UMass Dartmouth Chancellor Divina Grossman and officials from the University's School for Marine Science & Technology (SMAST) praised legislators today for their continued commitment to invest in cooperative fisheries research that engages scientists and fishermen in the pursuit of accurate data.

Chancellor Grossman was joined by state Rep. Antonio F.D. Cabral, D-New Bedford; state Senator Mark Montigny, D-New Bedford; state Rep. Christopher Markey, D-Dartmouth; SMAST Dean Steven Lohrenz, and Chair of SMAST's Department of Fisheries Oceanography Dr. Kevin D. E. Stokesbury, at SMAST's campus in New Bedford, to highlight the importance of collaborative research to produce the best science for sustainable fisheries.

"Thanks to the leadership of our SouthCoast delegation, funding is once again secured to advance this important research at SMAST," said Chancellor Grossman. "UMass Dartmouth is fully committed to research that strengthens the scientific basis for fisheries management. Such research advanced the University's mission to be an anchor of social and economic development for the region."

The Fiscal Year 2015 budget recently enacted by the Legislature and signed by the Governor includes $450,000 for SMAST scientists, working in partnership with the state Division of Marine Fisheries.

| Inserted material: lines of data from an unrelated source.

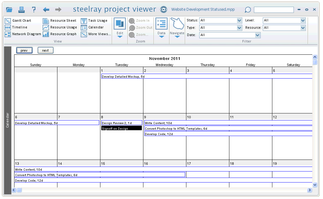 The Calendar View displays one month at a time. Tasks are represented by bars (with Task Name and Duration) spanning one or more days. Clicking prev or next in the upper-left corner changes the month shown. Milestone Tasks are displayed with a black background and white text. To see a complete list of Tasks for a certain day, click that day in the View, and a list of those tasks will appear.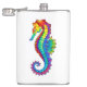 Articulação artificial, brilhante, arco-íris, cavalo de mar poligonal sobre fundo branco. Tatuagem brilhante.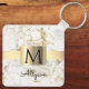 White & Gold Marble Gold Box, Black Name Monogram Keychain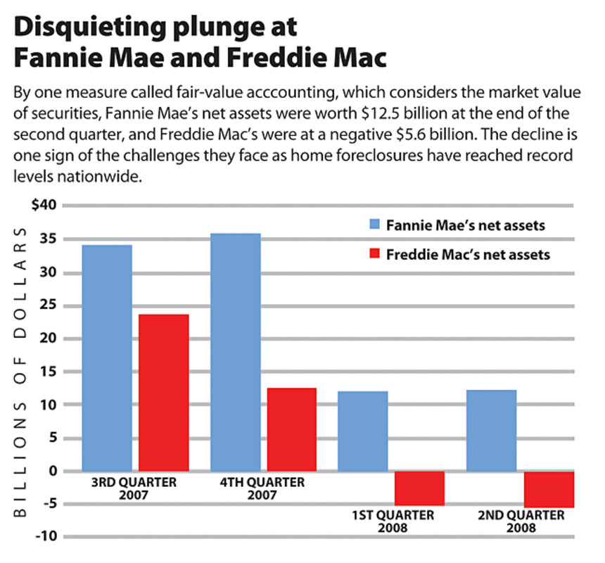 Their role in the housing market has long been controversial, but in the current weak economy their outright failure is unthinkable for most policymakers.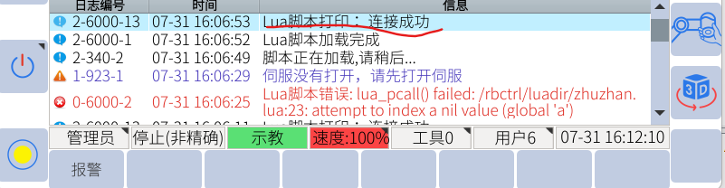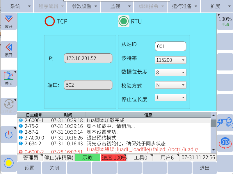 将机器人端485线接好,目前设置波特率为115200,将机器人脚本配置好,如下图所示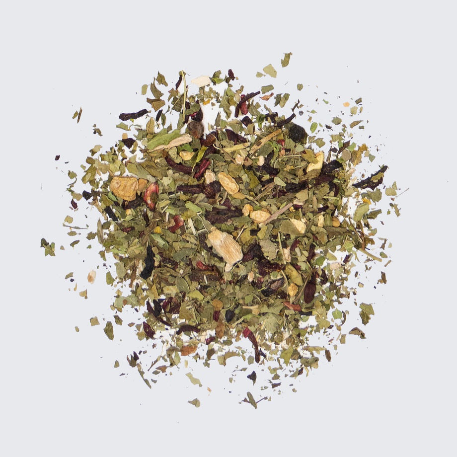 Packed with a host of exotic ingredients known for their cleansing and beautifying properties. Enjoy a delightful mix of sensations from earthy and floral to gingery and spicy. This herbal tea has a base of Mediterranean spearmint, sub-Himalayan moringa plant and yerba mate grown in the northern Argentinian region of Corrientes.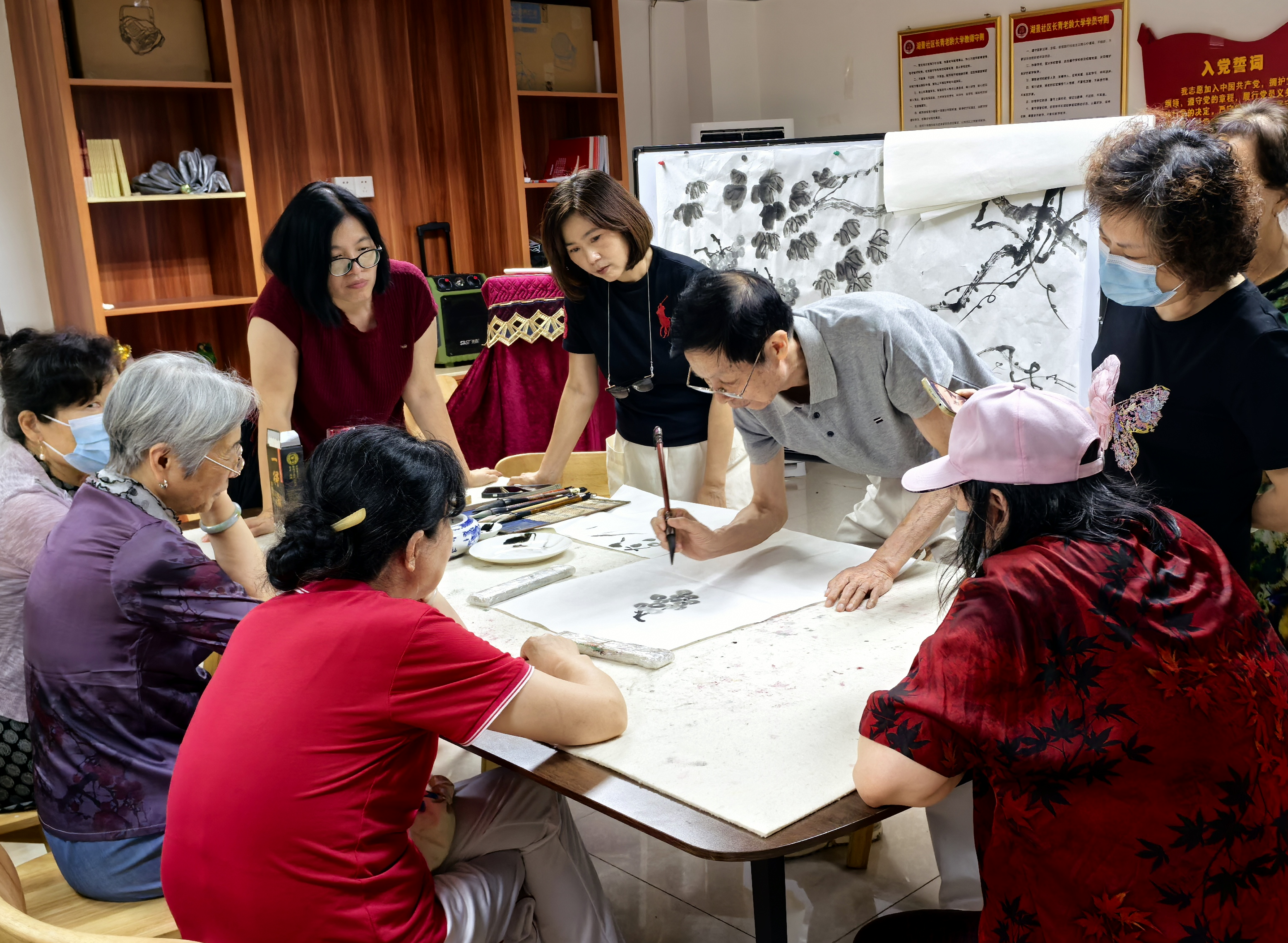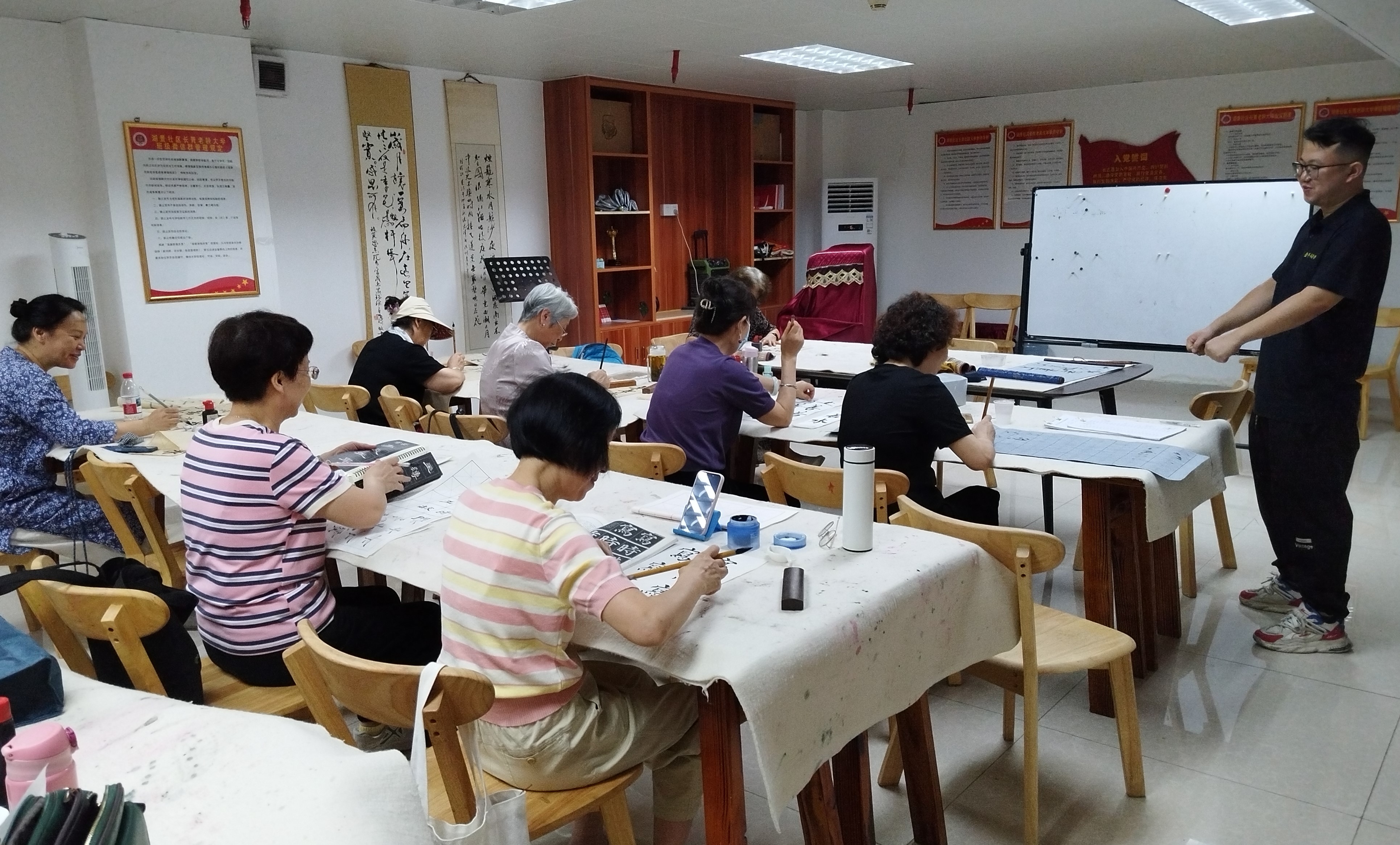 2025年7月5日,在湖景社区党委指导下,由社区党群服务中心、新时代文明实践站联合北斗社工及社区老年人协会共同举办的第五期长青老龄大学春季班圆满落幕。为期数月的课程中,共571人次通过书法、国画及“老少同乐”国画班三大特色课程,在传统文化浸润中实现自我提升,以艺术创作展现新时代老年群体的精神风采。
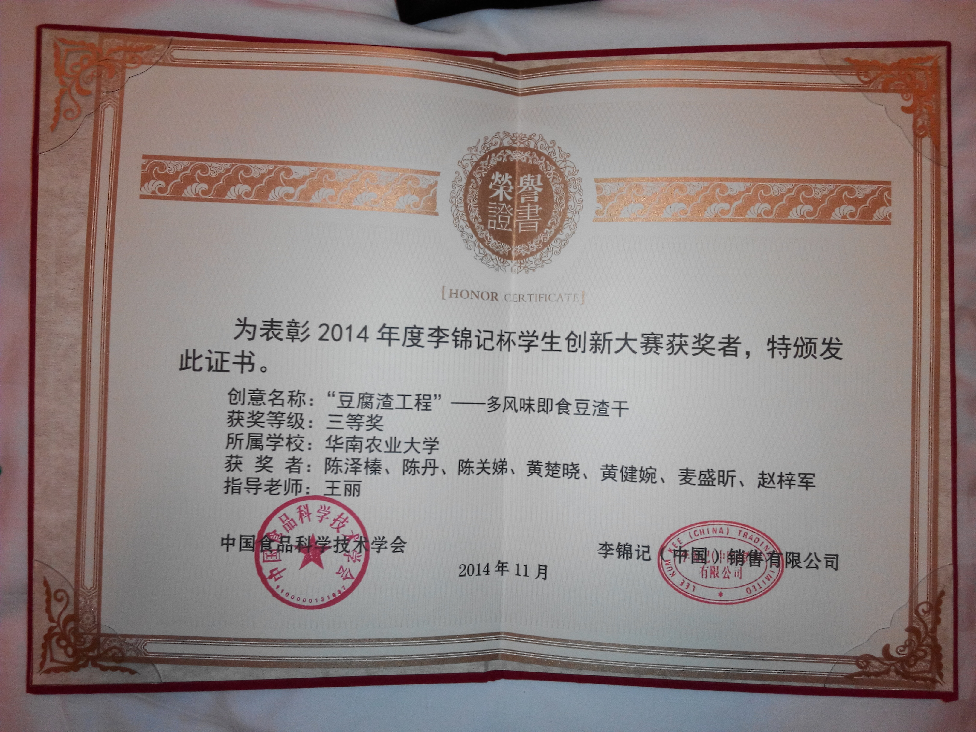 据悉,2014年李锦记杯学生创新大赛由中国食品科学技术学会、李锦记(中国)销售有限公司共同主办,全国参赛队伍数百,由专家组根据创新性及市场定位、产品配方合理性、加工方法可行性、用法及用量、产品商业化可能性等标准对每份计划书评分,筛选出40份入围计划书。最终评出一等奖1个,二等奖2个,三等奖5个,优秀奖5个、单项奖5个(最佳创意奖、最佳工艺奖、最佳风味奖、最佳包装奖、最佳视频奖),优秀组织奖1个。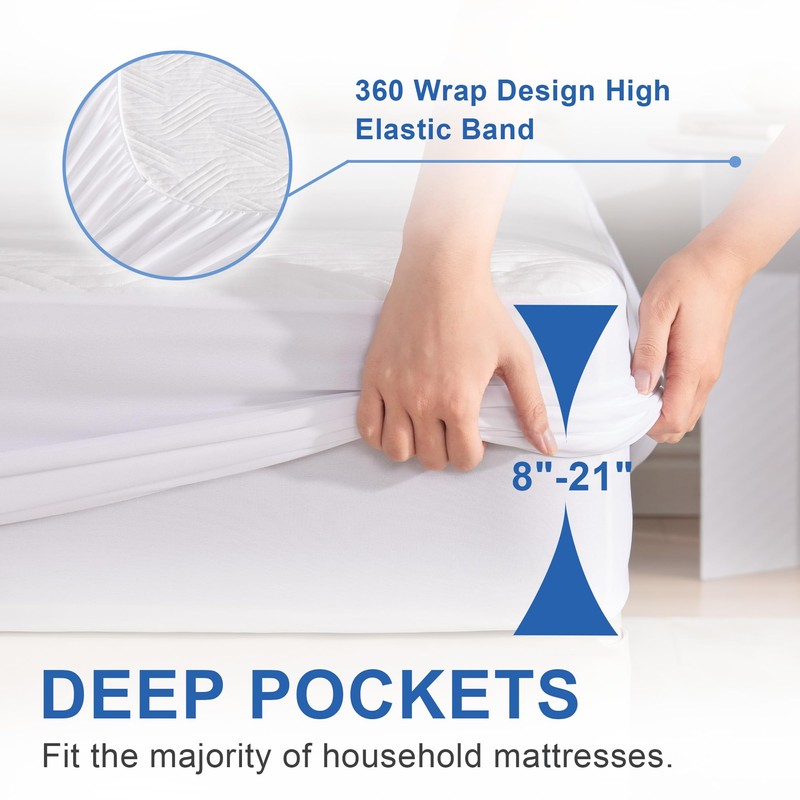 - 360° Deep Pocket Fit: The fitted mattress pad's 360° deep pocket design fully encases your mattress, preventing it from slipping or moving around. This provides comprehensive protection and keeps your mattress looking pristine.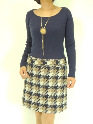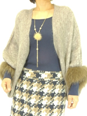トップスがリブニットのワンピースは重ね着しても、まとまりやすい。ゆったりカーディもファー付きならリッチな雰囲気です!エレガンス度80%、スタイリッシュ度20%。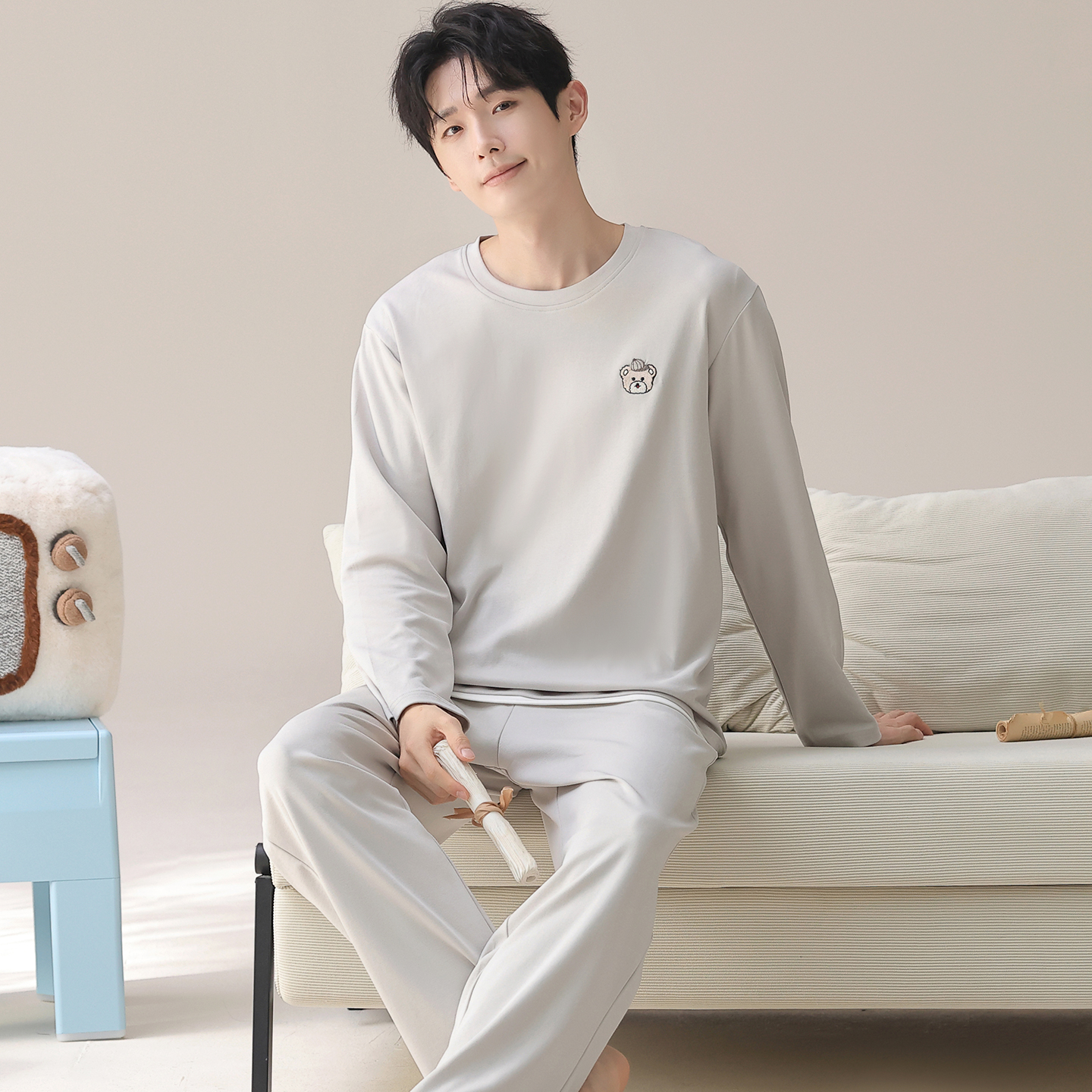 宜而爽休闲纯棉男士春秋款长袖长裤睡衣春秋季纯色圆领家居服套装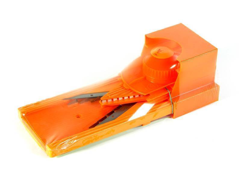 Устройство подходит тем, кто ценит время и порядок. Встроенный контейнер моментально собирает нарезанные продукты, не позволяя им рассыпаться. Оранжевый цвет изделия отлично впишется в современный интерьер и поднимет настроение на любой кухне.
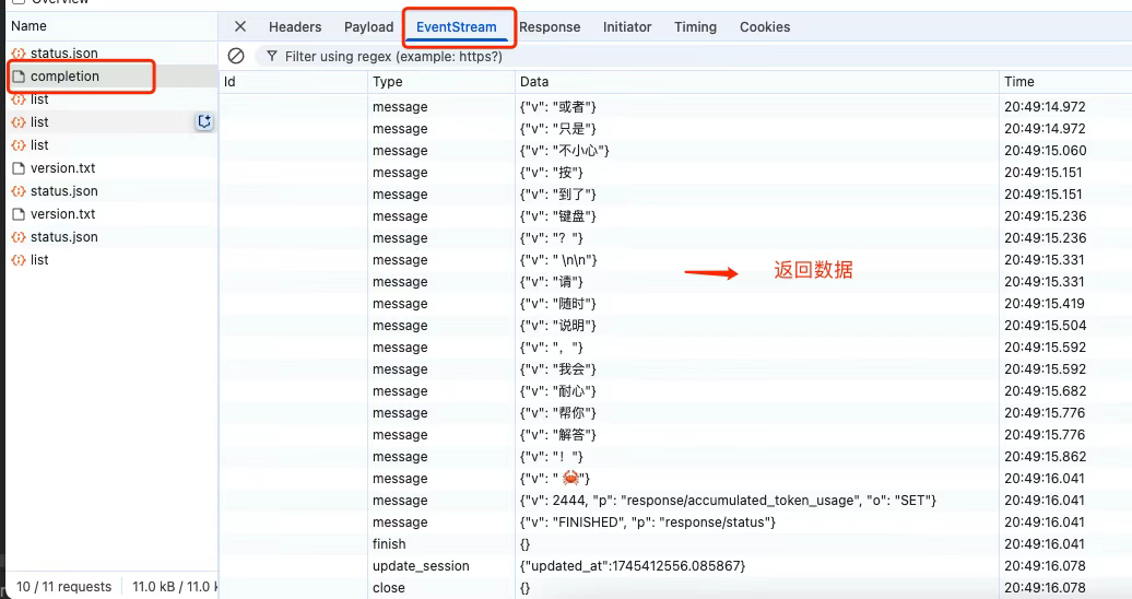 当在 DeepSeek 对话框发送消息后,浏览器会发送一个 HTTP 请求 ,服务端会通过 SSE 方式将数据返回到浏览器。

The funding supports the development of new sampling techniques using video cameras attached to specially designed fishing nets, to measure the population of various fish species. This funding supplements $400,000 contained in last year's budget.

"The fishing industry has been a principal economic driver of our local economy for centuries,'' said Sen. Montigny. "Federal mandates have been financially devastating to fishing families and our fleet. It is my hope that with this additional state funding we can continue the groundbreaking research by SMAST which will give us the tools necessary to combat the questionable data NMFS utilizes in making its stock assessments and catch limits."

"SMAST's hard work in producing the best science available is essential to preserving fishermen's jobs and maintaining the fish population," said Representative Cabral (D-New Bedford), who filed the budget amendment for the SMAST funding. "New Bedford can and should be a world leader in fisheries research."

Rep. Markey added, "The key to a rational approach to the complex issues facing our fishing industry is excellent science, and this funding is aimed at supporting that effort. SMAST has a long and distinguished track record providing trustworthy science that that we can base our decisions on, so I look forward to their findings."

SMAST/DMF partnership, know as the Marine Fisheries Institute (MFI) seeks to develop scientifically-based innovative and practical fisheries management applications contributing to the understanding, management, economic growth and sustainability of our oceans and the communities that border the ocean.

"Continued investment in the innovative work by SMAST's researchers is pivotal to efforts to develop improved approaches to management of the region's fish stocks," said Dean Lohrenz. "We are grateful to our region's legislative leaders and their colleagues for supporting our research to help address issues that are critically important for our fisheries and fishing communities."

"We would also like to recognize and commend the Massachusetts State Legislature for providing this funding for the Massachusetts Marine Fisheries Institute," said Dr. William Karp, Science and Research Director the NOAA Fisheries Northeast Fisheries Science Center, which is based in Woods Hole. "We view SMAST as one of our most important regional partners. Dr. Stokesbury's successes in improving stock assessment surveys through technological innovation and initiating and maintaining effective research collaborations with the fishing are particularly important to our shared objectives and this new funding will allow his important work to continue."

Using last year's funding, Dr. Stokesbury, other SMAST scientists, and local fishermen, embarked on 7-10 day explorations to Georges Bank using the new survey methods to estimate the abundance of yellowtail flounder and other groundfish. The survey utilized the technology to estimate the abundance, spatial distribution, size structure, and length-weight relationship of the Georges Bank yellowtail flounder stock on the southern flank of Georges Bank.

"Past and present research, which has improved fish stock assessment, demonstrates working cooperatively with government and non-government agencies and the fishing industry helps move fisheries management forward," said Dr. Stokesbury. "Working with our partners on future collaborations will continue these efforts and support sound management of our fisheries."

The focus at SMAST is on interdisciplinary basic-to-applied marine sciences and the development of related innovative technologies. In addition to the scholarly marine science and technology communities, the SMAST mission also emphasizes interaction with regional industry, and government and non-governmental agencies on compelling regional marine-related issues and technological development.